* **Description of the task**
The needed output is the run of lines below from the one containing "En jättefin äkta" through the one containing "With its dark", copied exactly and free of pictures.

[Dataset records]
........

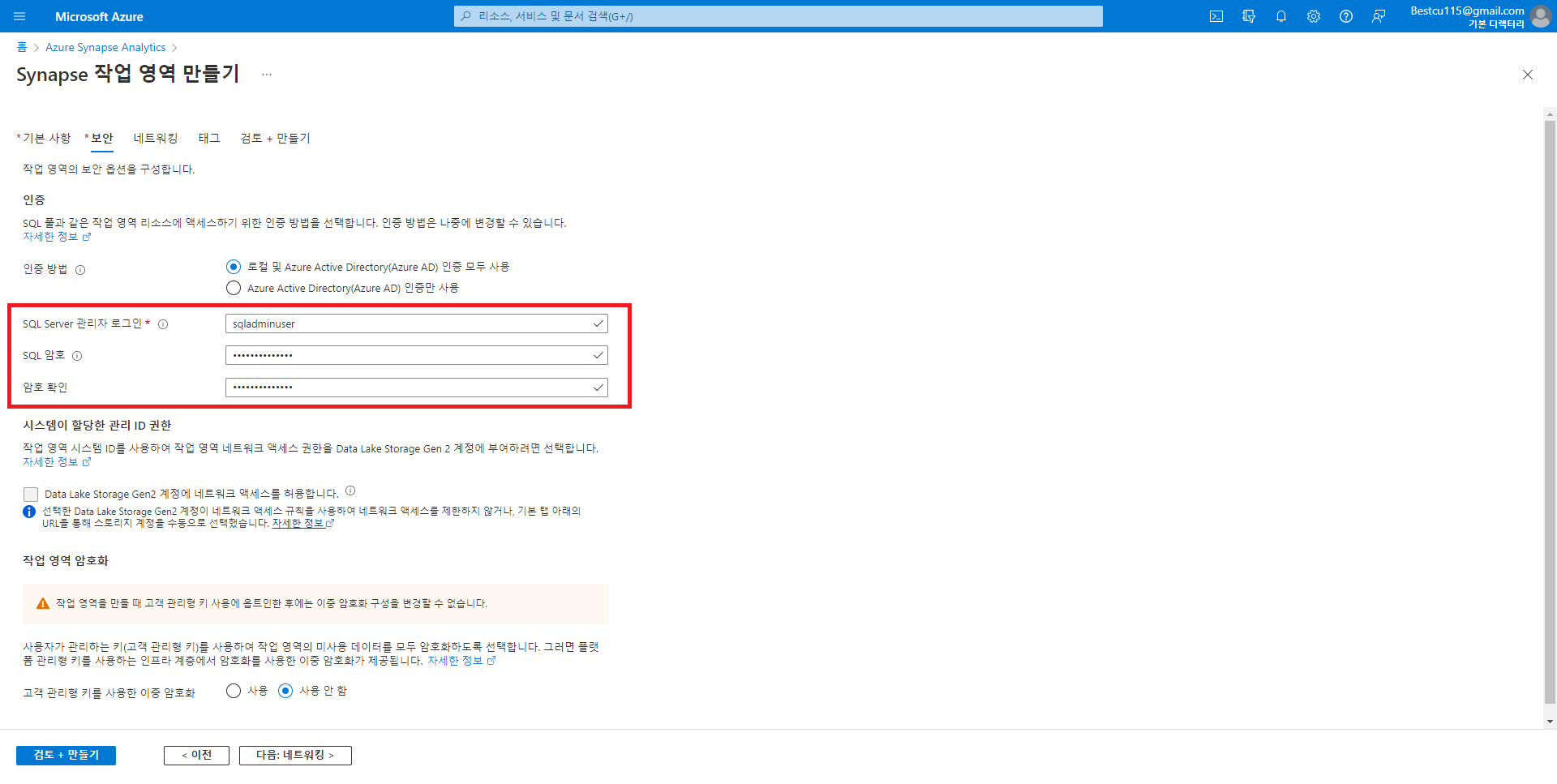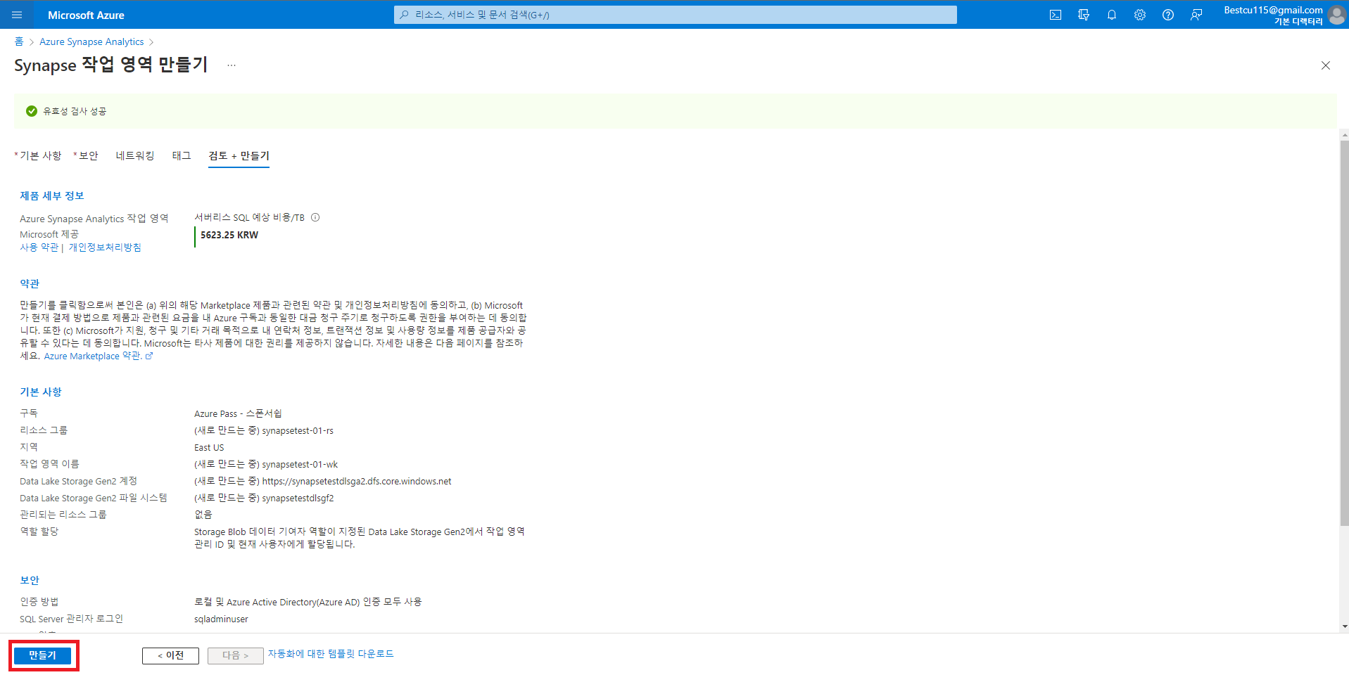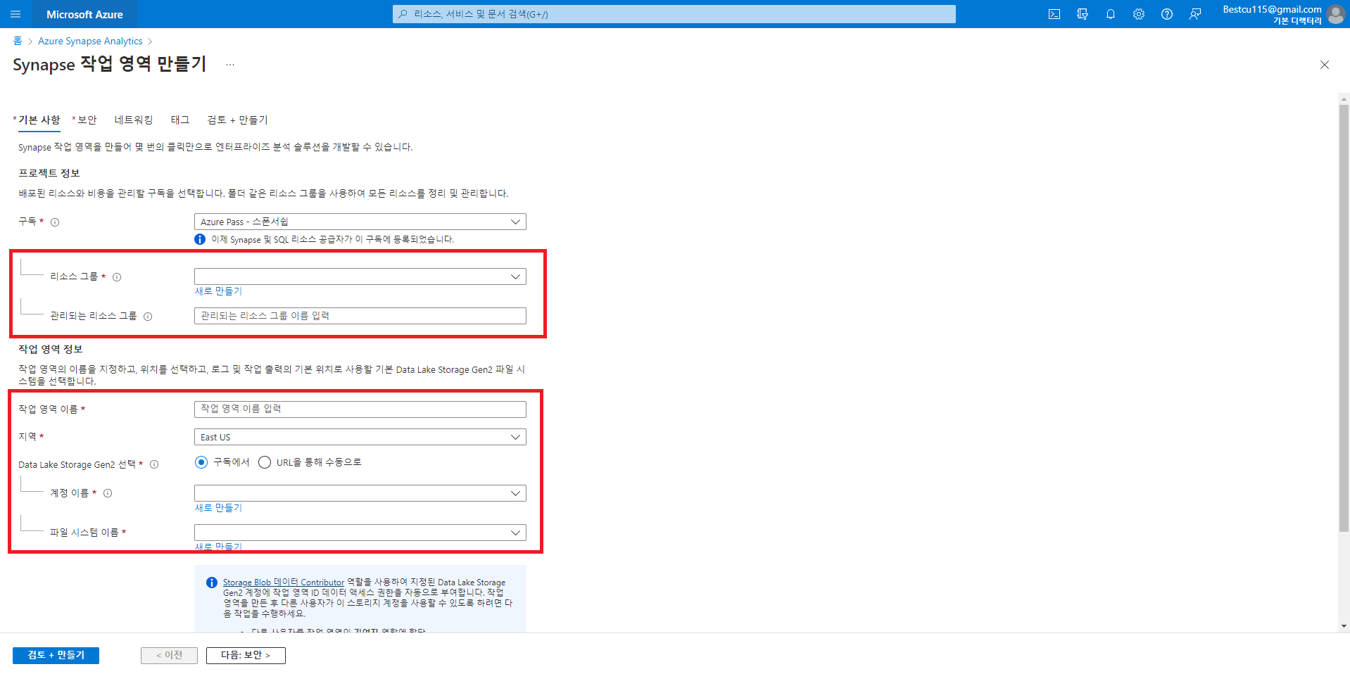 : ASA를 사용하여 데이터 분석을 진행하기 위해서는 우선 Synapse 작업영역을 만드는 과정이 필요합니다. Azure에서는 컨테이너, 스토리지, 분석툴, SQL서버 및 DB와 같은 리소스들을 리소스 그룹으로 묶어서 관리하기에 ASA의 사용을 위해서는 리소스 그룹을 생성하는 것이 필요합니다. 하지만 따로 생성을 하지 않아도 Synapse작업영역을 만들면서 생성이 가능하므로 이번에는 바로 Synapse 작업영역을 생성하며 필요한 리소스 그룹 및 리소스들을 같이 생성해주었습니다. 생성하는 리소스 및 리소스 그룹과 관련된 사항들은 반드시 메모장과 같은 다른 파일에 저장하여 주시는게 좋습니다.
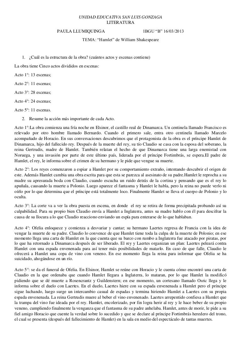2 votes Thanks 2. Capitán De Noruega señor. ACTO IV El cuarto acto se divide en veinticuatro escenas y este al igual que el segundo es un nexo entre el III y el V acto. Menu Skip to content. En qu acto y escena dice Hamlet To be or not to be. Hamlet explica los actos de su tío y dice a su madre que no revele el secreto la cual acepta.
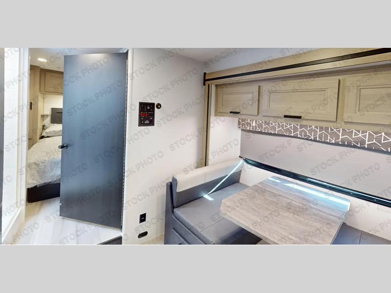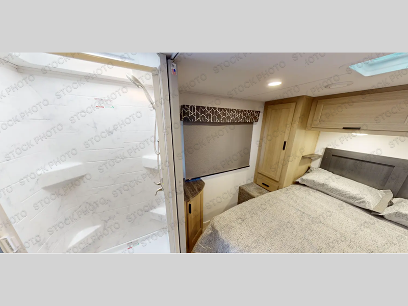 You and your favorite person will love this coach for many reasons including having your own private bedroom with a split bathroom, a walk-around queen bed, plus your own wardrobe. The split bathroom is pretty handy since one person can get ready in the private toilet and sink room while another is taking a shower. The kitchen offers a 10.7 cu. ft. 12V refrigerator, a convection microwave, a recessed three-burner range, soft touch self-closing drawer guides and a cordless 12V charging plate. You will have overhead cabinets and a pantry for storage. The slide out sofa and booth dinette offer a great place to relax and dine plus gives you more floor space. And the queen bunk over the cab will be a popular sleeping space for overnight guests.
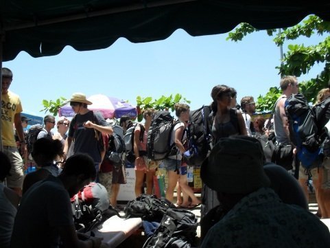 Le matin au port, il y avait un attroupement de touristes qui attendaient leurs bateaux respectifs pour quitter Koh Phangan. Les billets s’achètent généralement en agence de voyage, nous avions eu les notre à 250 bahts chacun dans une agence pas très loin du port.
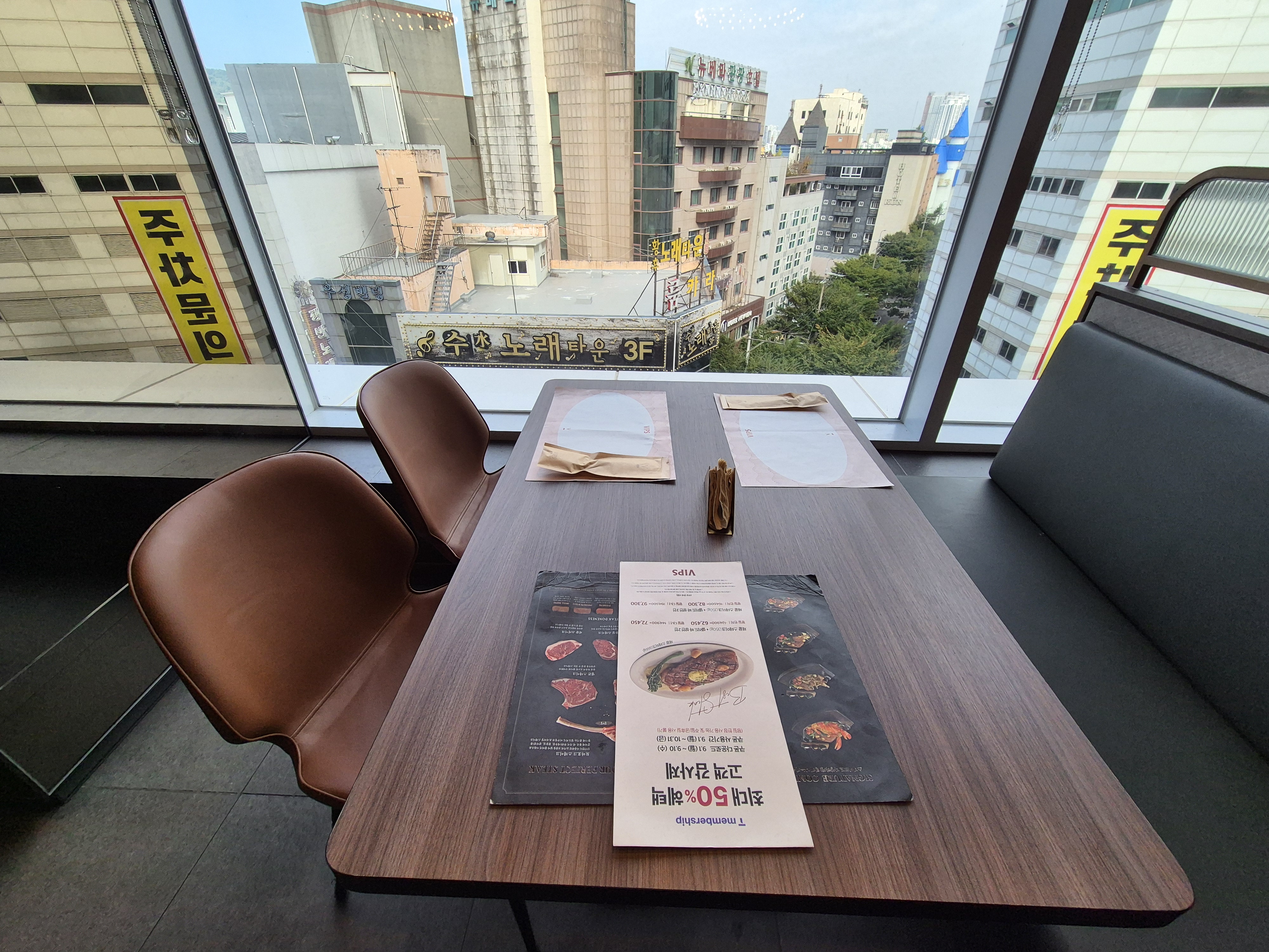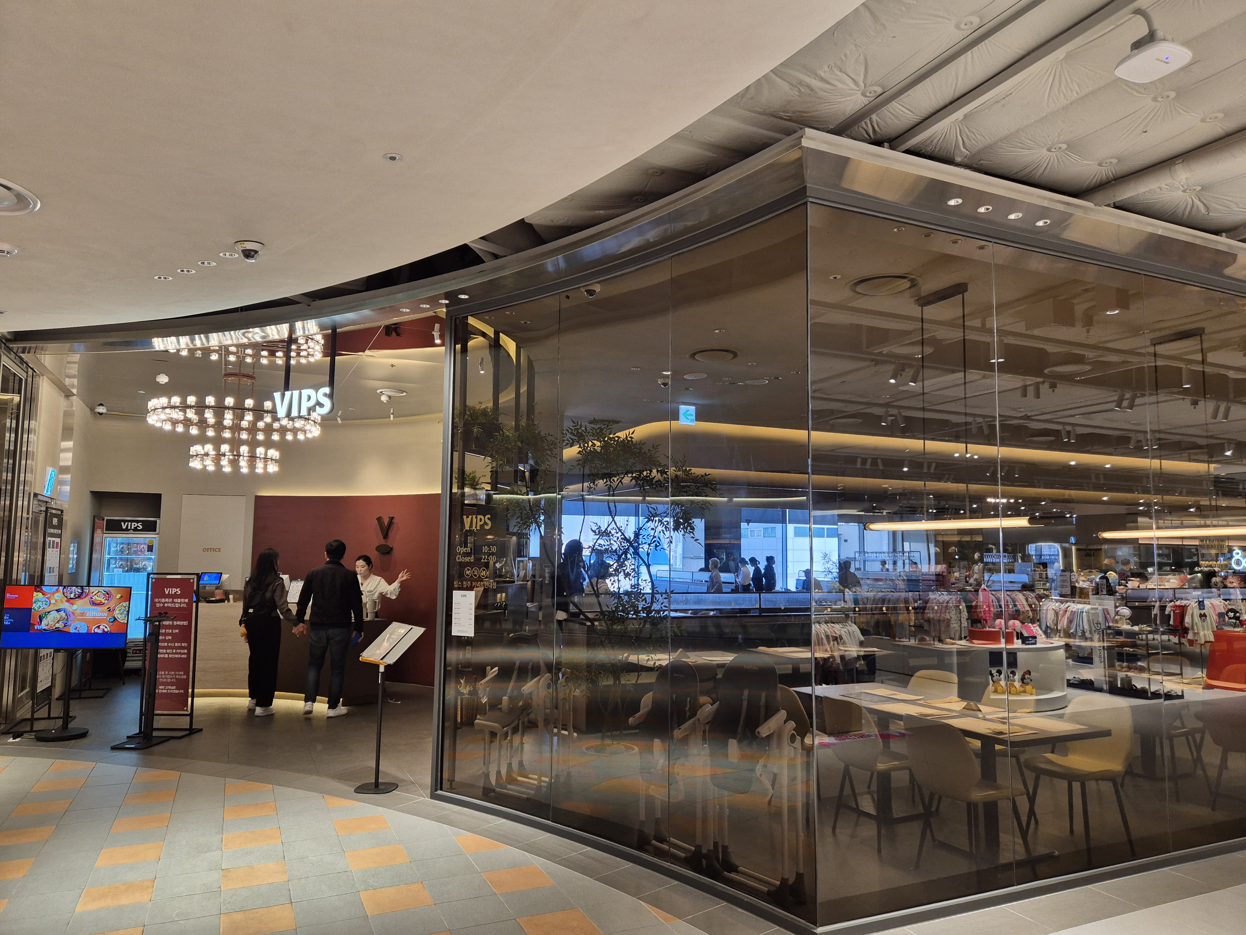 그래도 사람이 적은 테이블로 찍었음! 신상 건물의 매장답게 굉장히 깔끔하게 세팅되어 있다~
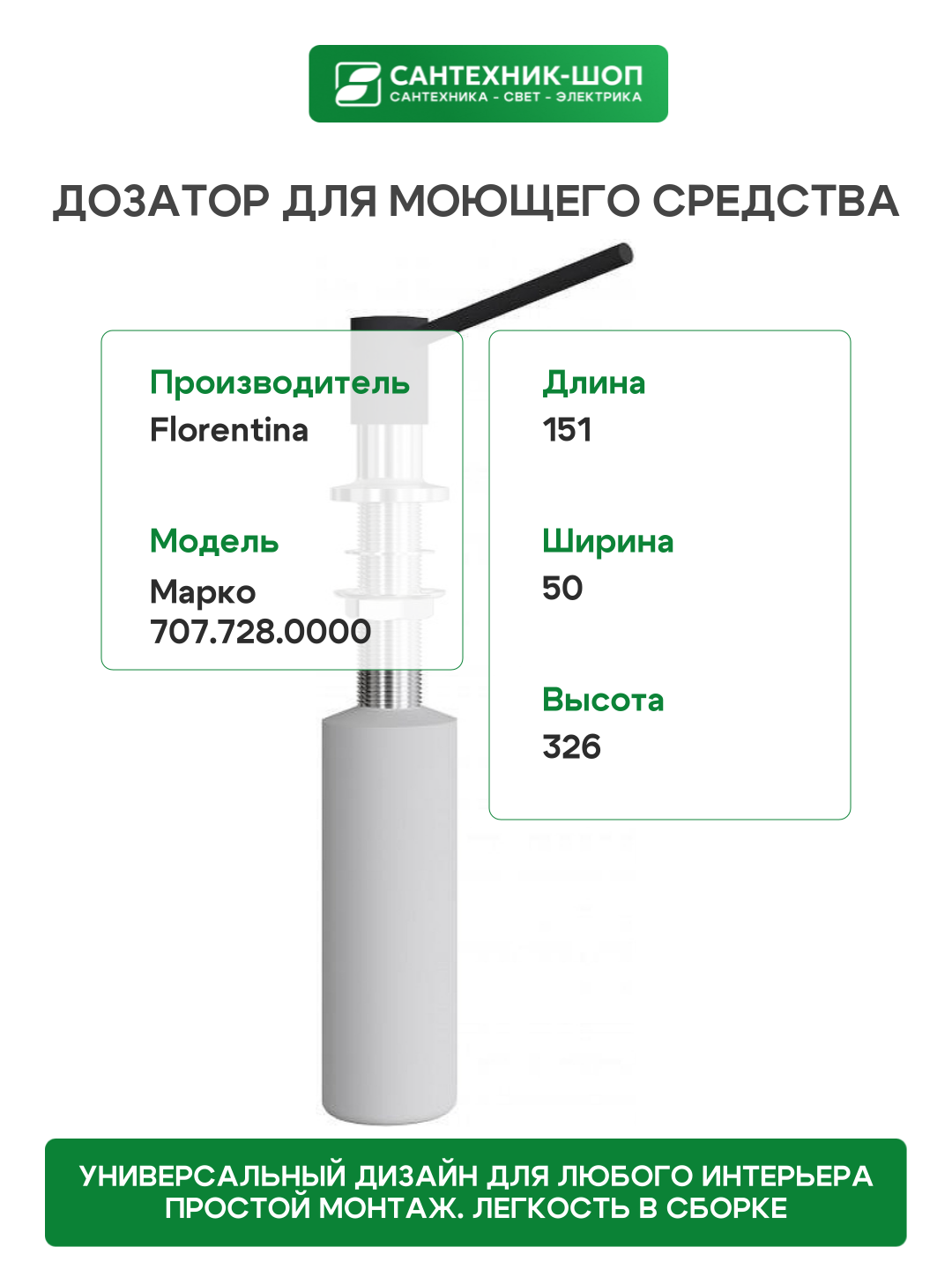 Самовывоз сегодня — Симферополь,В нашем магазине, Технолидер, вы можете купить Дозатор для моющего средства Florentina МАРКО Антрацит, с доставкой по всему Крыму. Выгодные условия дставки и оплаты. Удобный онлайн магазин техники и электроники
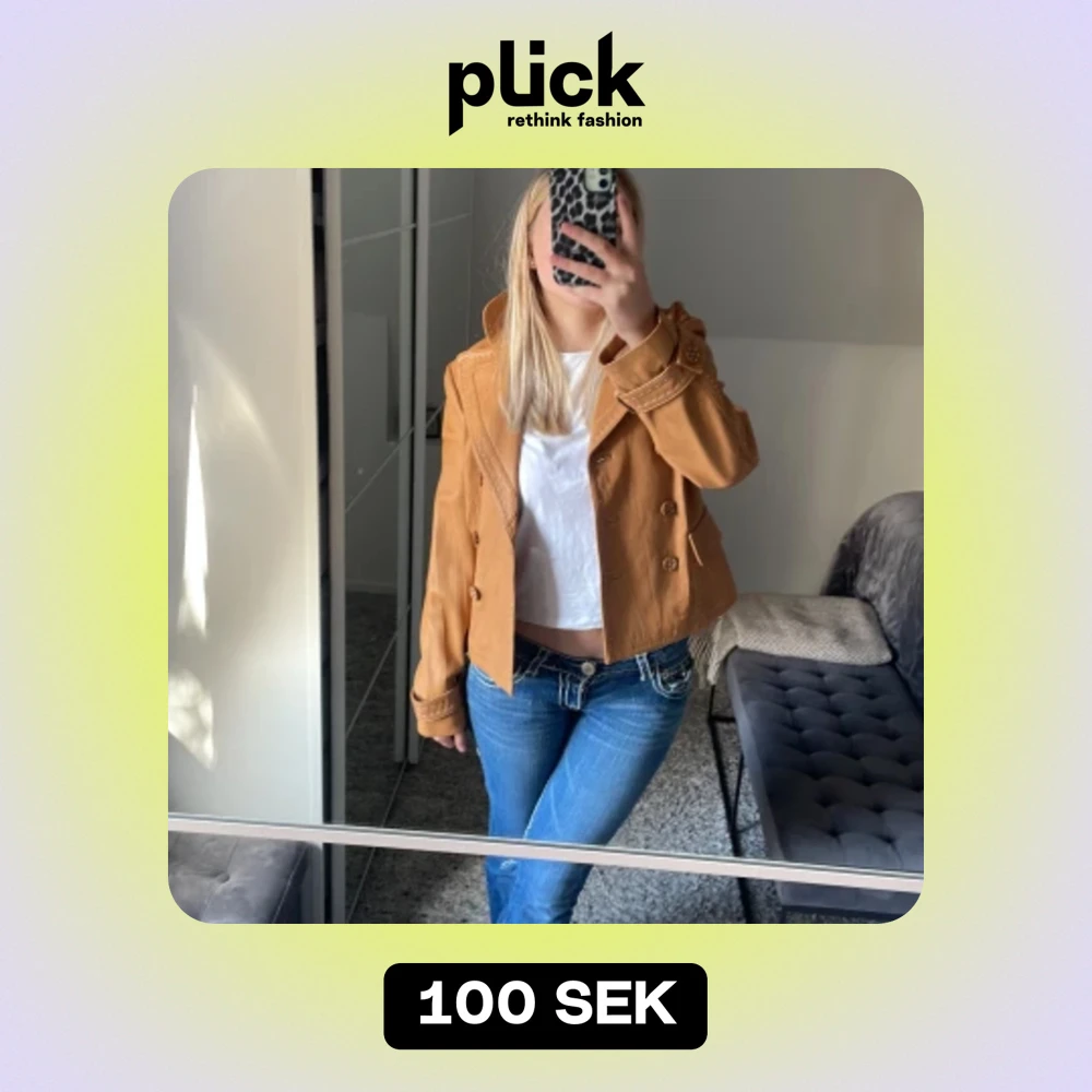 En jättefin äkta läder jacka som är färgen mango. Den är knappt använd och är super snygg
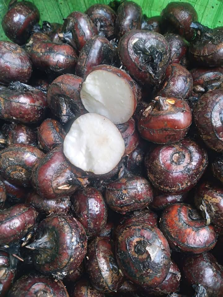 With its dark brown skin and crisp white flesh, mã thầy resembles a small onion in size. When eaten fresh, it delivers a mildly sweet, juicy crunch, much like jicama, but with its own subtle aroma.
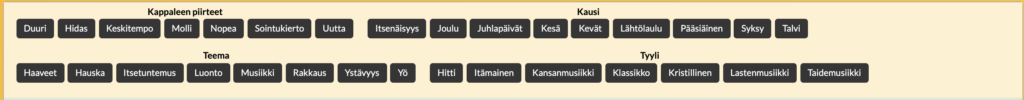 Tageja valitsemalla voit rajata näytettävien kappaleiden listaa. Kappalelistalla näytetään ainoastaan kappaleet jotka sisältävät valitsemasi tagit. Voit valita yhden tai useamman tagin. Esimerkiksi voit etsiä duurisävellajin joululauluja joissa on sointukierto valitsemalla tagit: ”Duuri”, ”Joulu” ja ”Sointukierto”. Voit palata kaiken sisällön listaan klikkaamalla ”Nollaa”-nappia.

........

* **The completed task**
 En jättefin äkta läder jacka som är färgen mango. Den är knappt använd och är super snygg
 With its dark brown skin and crisp white flesh, mã thầy resembles a small onion in size. When eaten fresh, it delivers a mildly sweet, juicy crunch, much like jicama, but with its own subtle aroma.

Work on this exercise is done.